Sat, 10 Apr 2004

National system of final exams should not be shelved outright

Ardimas Sasdi, Staff Writer, The Jakarta Post, Berkeley, California, ajambak@calmail.berkeley.edu

The fate of the national final exams for high schools, or UAN -- the main yardstick used to measure the performance of individual students and gauge the general quality of education -- is in limbo ahead of the examinations next month.

The movement evolved last year after the Ministry of Education unveiled a plan to raise the passing grade for the almost 20-year-old exams by one point from the existing 3.01 to a 4.01 average. A group of more than 20 non-government organizations gave the government a week to shelve the plan to hold the annual tests or face a lawsuit.
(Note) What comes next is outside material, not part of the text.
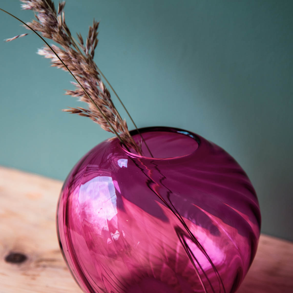 Mundgeblasene Glasvase mit gedrehten Riefen von MISSEMAI Studio aus Kopenhagen. Wunderschönes Stück für eindrucksvolle Blmenbuketts, jedes ein Unikat durch die aufwendige Produktion.

This ultimatum is the toughest challenge yet faced by the government on standardized testing.

The critics, who consist of teachers' associations, private schools and education experts, say in a series of arguments that the planned UAN is in violation of National Education Law 2003 and is against the spirit of reform and the principles of decentralization.
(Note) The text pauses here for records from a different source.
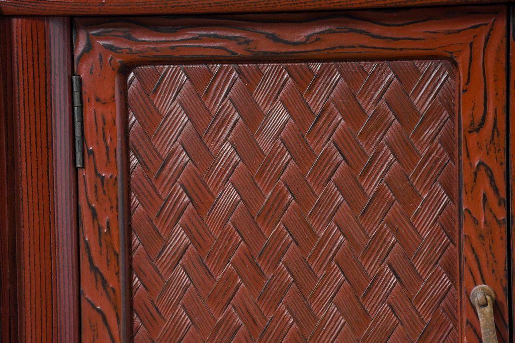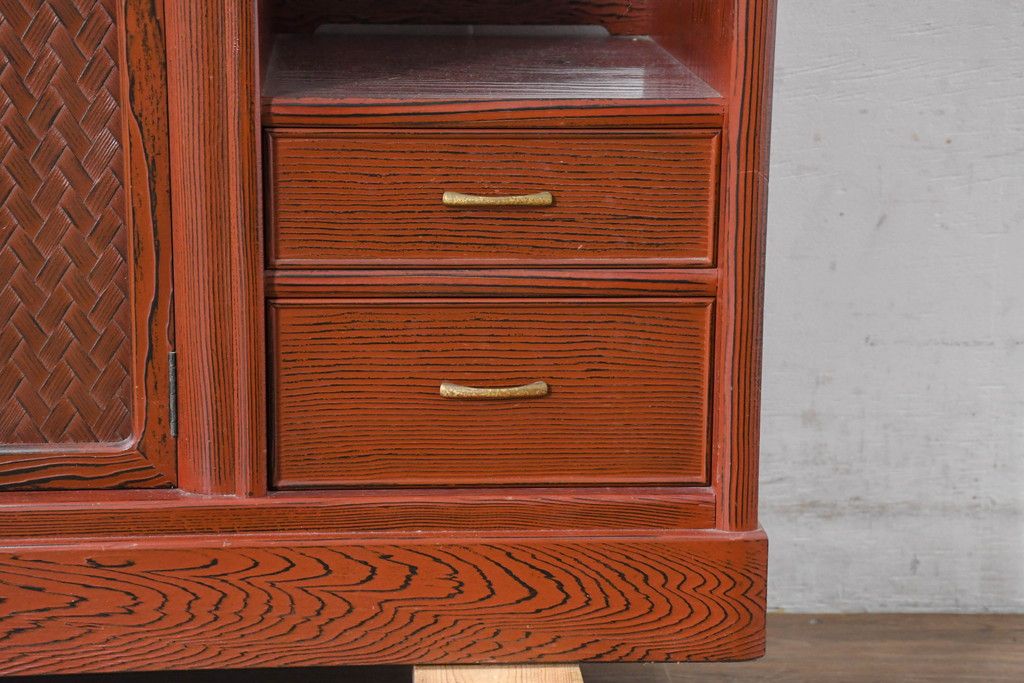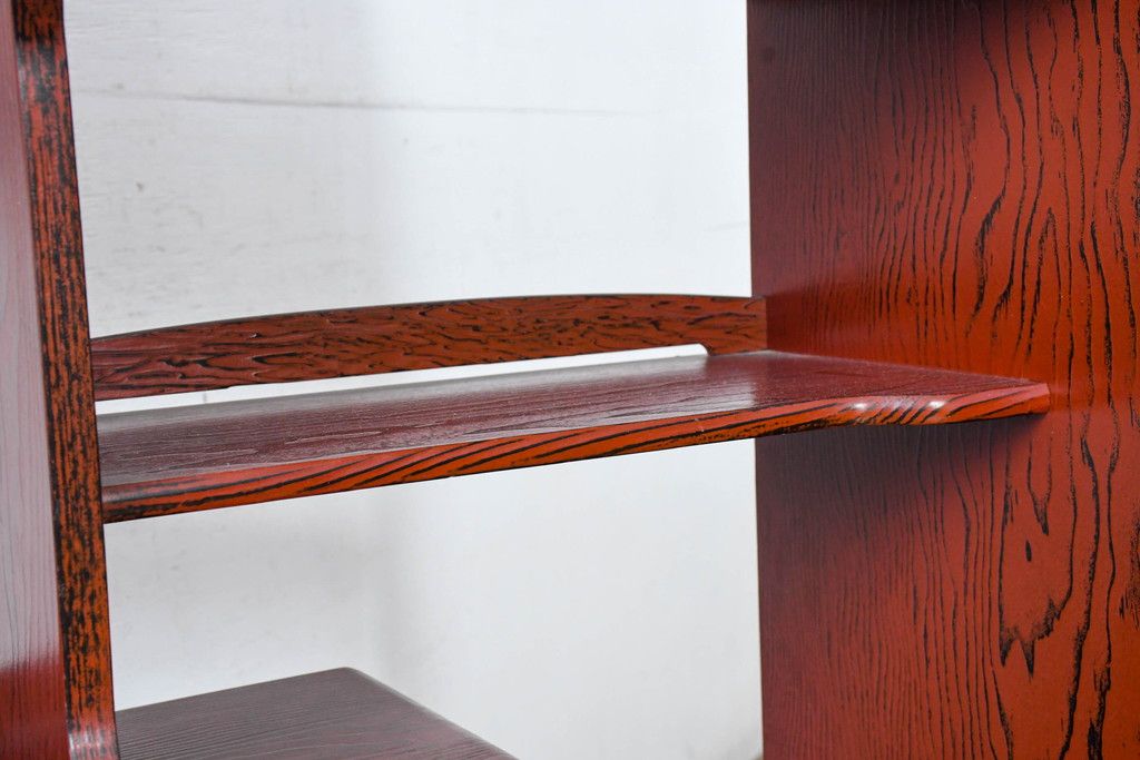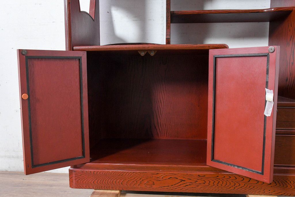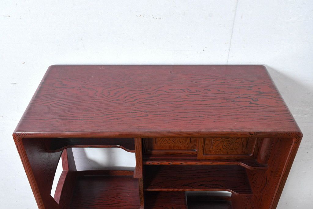 中古 高級品!! 高島屋デパート取り扱い 伝統技法 「杢目出し漆塗り」(根来漆塗り) 内部桐材 上品な色味と艶が目を惹く飾り棚(違い棚、収納棚、茶棚、戸棚)(R-084453)
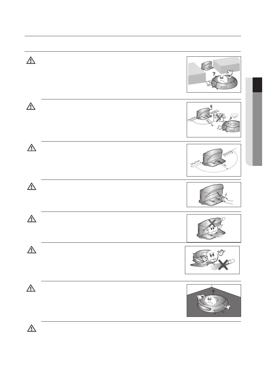 - Se la base di ricarica viene posizionata in un angolo, ciò può
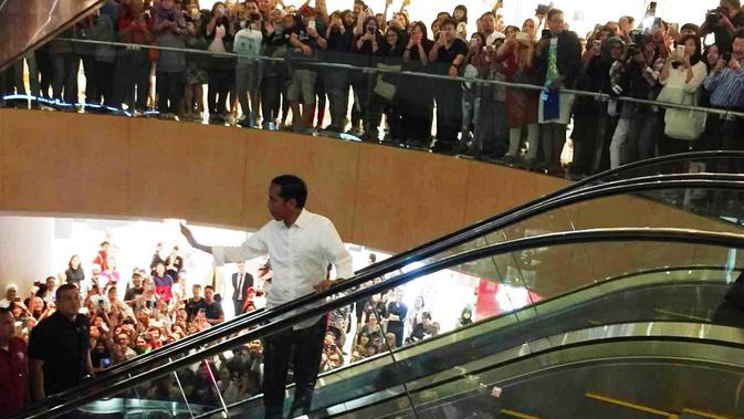 Dalam kunjungannya itu, Jokowi dikerumuni masyarakat yang berada di sekitar Grand Indonesia, Jakarta, Sabtu (20/4/2019).
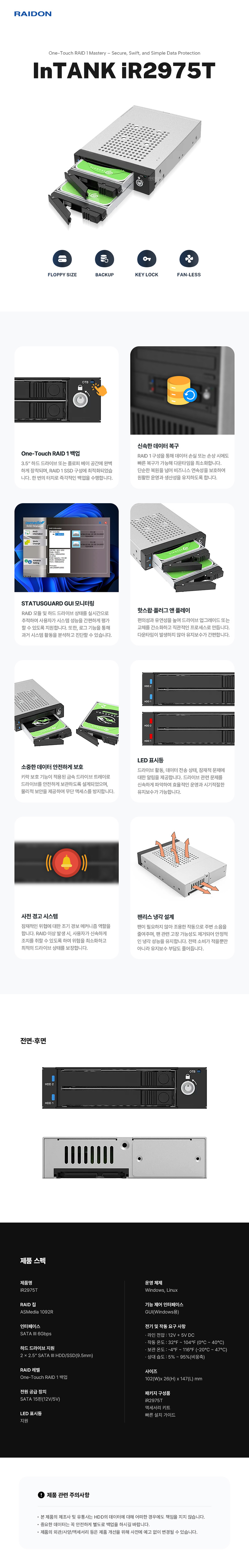 재고 미보유 / 하드미포함 / 2 x 2.5" SATA III HDD&SSD / ASMedia 1092R / 원터치 RAID 1 백업

Former rector of the Jakarta Teachers' Training Institute Prof. Winarno Surakhmad told Kompas last week the final tests should be conducted by schools and that nationwide testing could be done every three to five years if its goal were to get a map of schools' performance. As a regulator of education the government would serve only as a facilitator of the test, not as an organizer, he said.

According to Article 2 of Ministry of Education decree No. 153/2003, the final national exam, which is held simultaneously across the country, is aimed to collect information about the achievement of individual students and the quality of education as part of public accountability.

Article 3 says the testing is necessary as a means of quality control and as a selection criteria for students who will pursue their studies in higher education.

In line with the program of regional autonomy, the central government has gradually delegated its authority on education in certain areas, including organizing final exams for primary and secondary schools. This year's UAN, for example, covers only math, English, and the Indonesian language, while the rest are prepared by schools under the guidance of district education offices.

Education expert Arief Rachman, who is also chief of Unesco's national commission for Indonesia, said the final say on whether students pass the tests should stay in the hands of schools. He said he was aware some schools raised their grades to maintain their reputation and ward off criticism from the public.

The plan to raise a passing grade for the final tests at junior and senior high schools to an average of 4.01 from 3.01 for all subjects has sparked worries among many students and their parents but has been praised by others, who have long queried the low passing score, saying it degraded the examinations. With a 3.01 passing score most students pass the finals.

The list of UAN shortcomings is long and many are valid. One weakness is that the test is not tailored to different regional conditions. There are big disparities from one region to another in terms of physical infrastructure -- school buildings, libraries and laboratories -- the ratio of students to teachers and the wealth of students.

A one-shot, high-pressure exam is not only unfair, it also fails to provide accurate information about the ability of students as their performances during the exams are not just influenced by their preparation and ability to take exams but also by the state of mind of their exam invigilators and other technical problems.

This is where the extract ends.